Même si les causes exactes de l’incendie restent à être déterminées, il est clair que la lourde perte de vies humaines est due à l'absence de gicleurs dans la partie la plus vieille de la résidence, bâtie en 1997.

Alors que la partie la plus vieille de la résidence en bois de trois étages a été rapidement dévorée par les flammes, rendant impossible l'évacuation des résidents peu mobiles, la partie la plus récente de la résidence, bâtie en 2002 et équipée de gicleurs, a subi peu de dommages suite à l'incendie.

Pendant des décennies, des pompiers, des coroners et des analystes expérimentés ont cherché à convaincre le gouvernement de rendre les gicleurs obligatoires dans toutes les résidences pour aînés, mais le gouvernement a refusé en citant les coûts qui en découleraient.

Et même aujourd'hui, après la tragédie de l'Isle-Verte, le gouvernement péquiste maintient que la question doit encore être étudiée.

Entre-temps, des informations ont filtré montrant qu'au cours des dernières années, les propriétaires de résidences pour aînés et le gouvernement du Québec ont travaillé de concert pour réduire les normes de sécurité et les coûts de fabrication des bâtiments. La priorité n’est pas la sécurité des résidents et des employés, mais plutôt que les personnes âgées soient hébergées au moindre coût avec la possibilité d’en retirer un profit. Tout cela a contribué au désastre.

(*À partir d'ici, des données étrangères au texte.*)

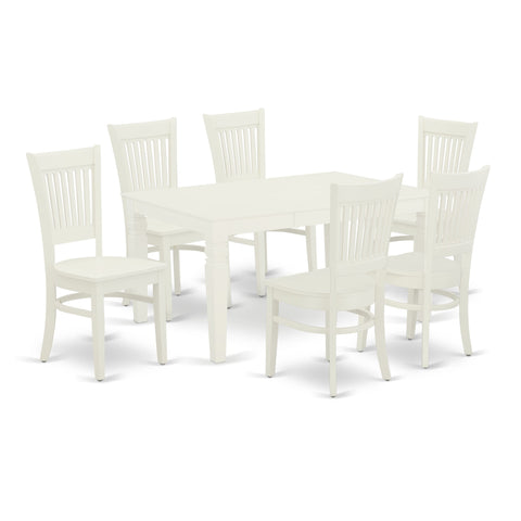 Its dining set includes 6 eye-catching dining chairs and an amazing 4 legs rectangle table. The kitchen dinette set gives a Linen White solid wood dining table and a fantastic Linen White wood dining chair that will raise the beauty of your dining area. This rectangular table is created from high-quality rubberwood. These wooden dining chairs have been created from superior quality wood that can Endurance to 300lbs weight. This wood dinette set is colored with a good quality Linen White finish. You can clean this dining room table set easily with any furniture clearance. This mid century dining table set assembles easily because of its simple design. You can put together this wooden dining table set from one place to another easily. The modern dining table set is one of the most important pieces of furniture in your house. It not only becomes the place to eat meals, but it's where you end up working on vegetable cuts and spending time with family and friends. You can also use it for casual home parties. That's why it's important to find a modern dinette set that fits your personality and uses the space wisely. The options are endless, so picking what works best for you is important. If you're looking to bring a contemporary look to your kitchen or dining room, this Rectangular dinette set might be the perfect selection. Bring a rustic, stylish look to your dining room with this mid century dining table set that seat 6 people around the rectangle table. Just because you have a small area or for your table doesn't mean you have to give up on quality or look. Keep enjoying with East West furniture!
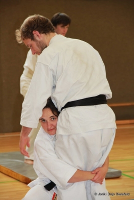 Der zweite Tag schloss das Thema mit einer Zusammenfassung ab. Nach einem intensiven Intervall-Training (auf die Frage Olafs, ob es jemandem noch kalt sei, gab es eine Ja-Stimme...) übten wir das Kamae waza futari geiko in einer sehr spannenden Art und Weise. Es fanden sich jeweils drei Übende zusammen. Einer stellte sich in die Mitte und übte jeweils eine des zwölf Sequenzen. Er wurde jeweils von den äußeren Partnern sechsmal angegriffen, bis der nächste in die Mitte kam. Der Vorteil dieser Übungsform ist das Trainieren mit unterschiedlichen Partnern. Bei voller Konzentration der drei Übungspartner können Fehler in der Bewegung entdeckt und abgestellt werden.

De nombreuses études ont montré l'efficacité des gicleurs à ralentir la progression des incendies. L'Association américaine de la protection contre les incendies (US National Fire Protection Association) a fait savoir que ses dossiers montrent que pas plus de deux personnes sont mortes lors d'incendies dans des bâtisses résidentielles, institutionnels ou pour enseignement qui sont complètement équipées de gicleurs.

Pourtant au Québec, où un grand nombre de personnes âgées vivent dans des bâtisses en bois, le gouvernement n'exige des gicleurs que dans les résidences de quatre étages ou plus, ou bien là où vivent des personnes jugées en perte d'autonomie.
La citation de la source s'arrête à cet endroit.